Coming any time to NY?
I missed that the other day when mum said I'm going crazy, I didn't say anything as I don't want to upset her more. So now I know, cheers Teepa.
Often times when it starts to get toward the "whats wrong with me?" Or things like that, i usually say something like. "Oh, you know what? Sometimes I forget a word too. Thats something that happens and we are only human and thats ok." You see, i usually feel better when another person tells me i am not alone. So when i am working i try to turn in to a situation where they can laugh at me or feel that we are alike. I might say " It's okay! I understand. Do you know that the other day i went to order my burger and i couldnt think of it and it was right there on the screen!" I think that when you remind them that yea, you might remember the word they forgot but you make silly mistakes too and we all do! After a while they laugh and say i am the silly one and thats okay with me!
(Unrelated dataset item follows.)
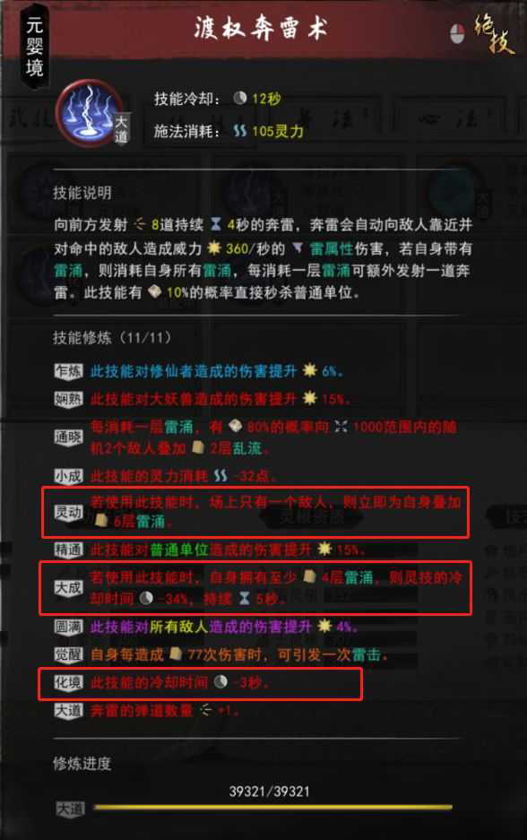 奔雷术词条在只有一个人的情况下产生6层雷涌,还有4层雷涌就能提高34%灵技冷却。自己产生雷涌自己用。

Also just what works for me when i have a resident doing that sort of "word soup" where they are making sounds that mimic conversational speech, i listen to the tone before i try to say or do anything. Then I sort of pick up on their emotion and start agreeing. "Wow yes! You seem really angery about that. That definately isn't good is it?" Often times between the word jumble they will nod or say "yes "or "no" but being there and just being a person who is saying "wow yes i see you really like or hate that" really calms them down. Dementia or no, all us want to feel like someone else is validating our feelings.
Thank you for a comment that touched my heart and tears, Live Laugh Love.
I believe we're thriving when living with a sense of belonging, including imperfection and misunderstandings. You're just good, right where you are.
@@devonseamoor Thank you Marian B. truthfully my own life is very tough. I am going through a situation where I am homeless, yet still working. I work hard on being my best self with my residents and the truth is that when i am just being silly with them, treat them with love and give them the focus they so desperiately need.... i forget my own troubles for a while. They are top priority. Every day when I leave to go to the Respite House I live in- until I can find an apartment, I want those residents all feeling like things are okay, I love them and really we are all the same - all humans just trying to get through life. I've found in life when you help others, the lord finds a way to help you. I am holding on to that and praying for a home by christmas.
I am having such a hard time dealing with this...i love my dad but i feel so helpless...everything i say or do is wrong...how do i seek help???
You _are_ seeking help, or you wouldn't be here watching this. ♡
@@djondjon not anymore my dad died
@@1989bccclasmate i am sorry. Mine did, too, so I understand the pain.
@@djondjon im so sorry for your loss
@@1989bccclasmate 💞💔
How do they kn in 15 year's it's going to be one in two.. this has been going on since 1979 .
Please, don't apply mathematics to an area of life where no predictions can be made ever, due to life following her own natural pace and, not in the least, the freedom of choice that you always have. As a sovereign human being. Live a good life, choose good food and exercise. Be the best version of yourself that you know how to be and all will be well. Statistics are fodder for the calculating mind.
People live longer. The longer they live the more prone to Dementia they become. No, Dementia is not a natural part of againt. However, after age 65, the odds start to rise in the odds that come could get Dementia. So, when people are living into their 90s or even 100s more and more, there are more odds people can get Dementia.